(Photo: ASU Athletics)
The change in mentality for the No. 18 Arizona State Sun Devils has been well documented. They are approaching each match, each set and each point in a more disciplined manner, something that was lacking last season.
With an improved mental approach, ASU has produced positive results in tough environments such as their win over then-No. 17 Hawaii in Honolulu as well as their five-set comeback victory over Northern Illinois last weekend in their second match of the day, following their first loss of the season against Louisville.
However, as much as any team can improve their mental strength, they still need to physically perform on the court.
Part of ASU’s struggles in the beginning of Pac-12 play in 2013 was their lack of a reliable attacking option other than junior outside hitter Macey Gardner.
“There were moments last year when it was clearly – it was evident to everybody – that it was the Macey-show, the Macey offensive show and maybe a little scattering of (BreElle Bailey), but it was mainly (Gardner),” ASU head coach Jason Watson said.
To get a better understanding of how much Gardner was depended upon, here is a breakdown of how much she accounted for ASU’s total attack attempts (4,394) last season as well as the rest of ASU’s current starters:
Clearly, Gardner was relied on heavily during the 2013 season, but it was with good reason. Gardner has consistently been a dominant attacker from the moment she donned a Sun Devil uniform.
“There’s an enormous amount of comfort in setting (Gardner). You like your chances when you set Macey,” Watson said. “On the flip side of that, everybody knows you’re going to set (Gardner), so it’s nice to see (Bailey) get going.”
Part of the offensive imbalance had to do with not having a consistent second option, but part of it was also the amount of trust junior setter Bianca Arellano had in the rest of her hitters.
Now, with a year of familiarity under their belt, the Sun Devil offense has helped ASU to blaze to an 8-1 start to this season. Thus far, the balance has been evident both on tape and through the stats.
Of the total attack attempts (1050), here is the same percentage breakdown for this season:
Most notably, the middles are being utilized more by a significant amount in comparison with last season. The biggest difference is when in transition, Arellano is looking to Follette and Binns with more purpose, and the middles are audibly calling their sets so Arellano can find them.
Follette has been increasingly efficient throughout her career in Tempe and is currently hitting an efficient .336 percent, and she has only committed a total of 21 attacking errors.
“You can tell that (Follette) provides significant results for our team – offensively, defensively, energy-wise,” Arellano said.
All things considered, Binns has become a near-equal to Follette in her production as well. Her experience with the USA Collegiate National team over the summer has proven to be invaluable.
“(Binns) has matured immensely,” Watson said. “She’s a different student-athlete than when she got here. She’s talking about getting a master’s degree. That’s a miracle.”
Arellano has also noticed the difference in Binns and is trying to award her by feeding her sets on a regular basis.

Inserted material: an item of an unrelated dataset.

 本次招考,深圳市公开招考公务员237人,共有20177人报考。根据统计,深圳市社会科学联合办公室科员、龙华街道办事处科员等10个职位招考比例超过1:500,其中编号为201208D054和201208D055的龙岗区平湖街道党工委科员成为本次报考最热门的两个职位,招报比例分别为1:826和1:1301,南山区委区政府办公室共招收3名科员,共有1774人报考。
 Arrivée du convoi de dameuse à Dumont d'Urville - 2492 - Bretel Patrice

“That’s been something I’ve been working on – trying to connect with Mercedes,” Arellano said.
Another big factor in ASU’s offensive balance is the seemingly consistent production from Bailey in their first nine matches. Bailey has found a home on the right side, and continues to take on a bigger workload as she transitions from a player who shows flashes of potential to one that is a go-to attacker for the Sun Devils.

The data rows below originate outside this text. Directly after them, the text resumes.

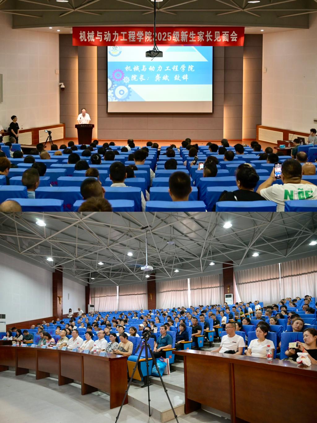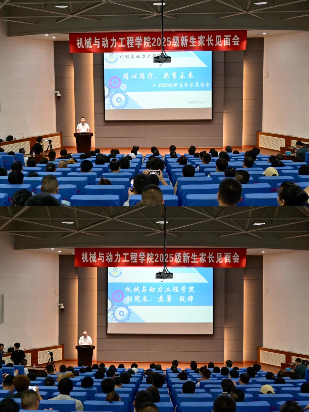 为搭建家校协同育人桥梁、助力新生平稳开启大学旅程,9月4日,机械与动力工程学院在碧帆楼304报告厅召开以“同心同行,共育未来”为主题的2025级新生家长见面会。学院领导班子、各教研室主任、专业课教师、新生辅导员以及2025级新生家长参加会议。会议由学院党委副书记李洪旭主持。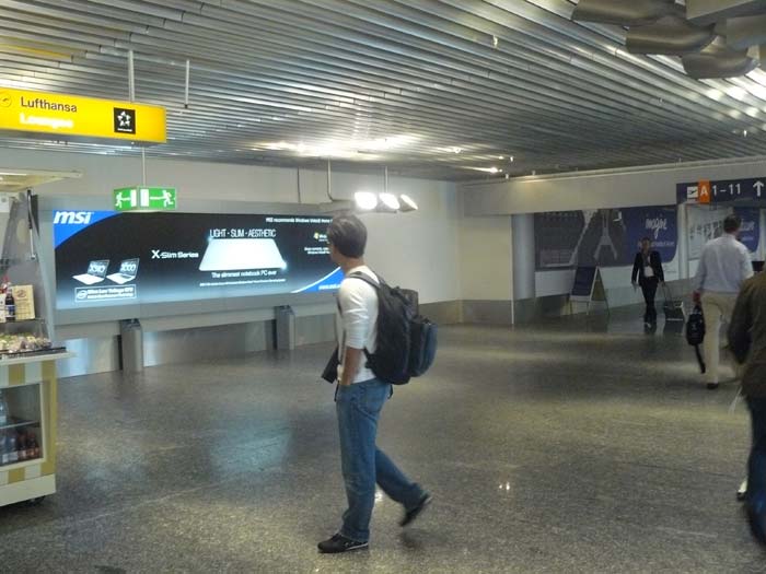 Como curiosidad y muestra del esfuerzo que MSI está haciendo por hacer que su marca y sus portátiles X Slim se hagan conocidos por todos, al caminar por la Terminal 1 de Frankfurt nos encontramos con esta pantalla publicitaria.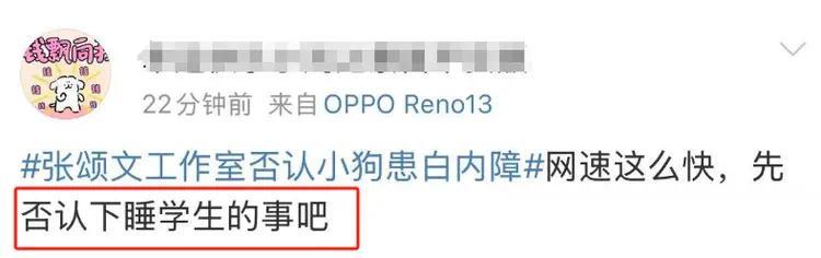 2月12号,网传有消息称:张颂文的小狗小白患上了白内障。

“I see a big confidence boost from (Bailey),” Arellano said. “I mean, working with her, coming in the spring early definitely helped and then having a season under our belts helped, but there’s this new face she has, and everybody should be looking out.”
Bailey, a former middle blocker throughout her entire prep career, has focused on becoming a more well-rounded volleyball player, and her improvement has been evident to her teammates as well as to herself.
“We’re able to run a lot of different sets, and I’m a lot more diverse than I was last year, and my sets are actually a lot faster than they were last year,” Bailey said.
Up and down ASU’s roster, the talent can clearly stack up with any other roster in the Pac-12. In past seasons, teams like No. 1 Stanford and No. 5 Washington have exploited ASU has been taking advantage of their mental mistakes as well as keying in on Gardner.
With the development and diversification of every ASU attacker, this could be the most equipped squad Watson has assembled going into conference season. Because of the increased use of the middles and the more consistent production from both Bailey and Willey, Gardner can focus on being a dominant attacker instead of carrying a burden of being ASU’s only reliable hitter.
“We hope (the balance) continues. We certainly hope that we’re not always Macey-driven,” Watson said. “But when it gets into these matches, it’s nice to have someone like Macey that can kind of step up and score a bunch of points and lead your team.”
Once conference play rolls around, scouting reports get more intricate and the teams who can make the most adjustments are the ones who succeed. Last season, ASU didn’t necessarily have the tools to make those adjustments. Now, because of the level of diversity on the offensive side of the ball, they have the flexibility to adapt to each situation they encounter, and that flexibility should improve given the nature Watson believes his team breeds.
“They’re so into just getting better,” Watson said.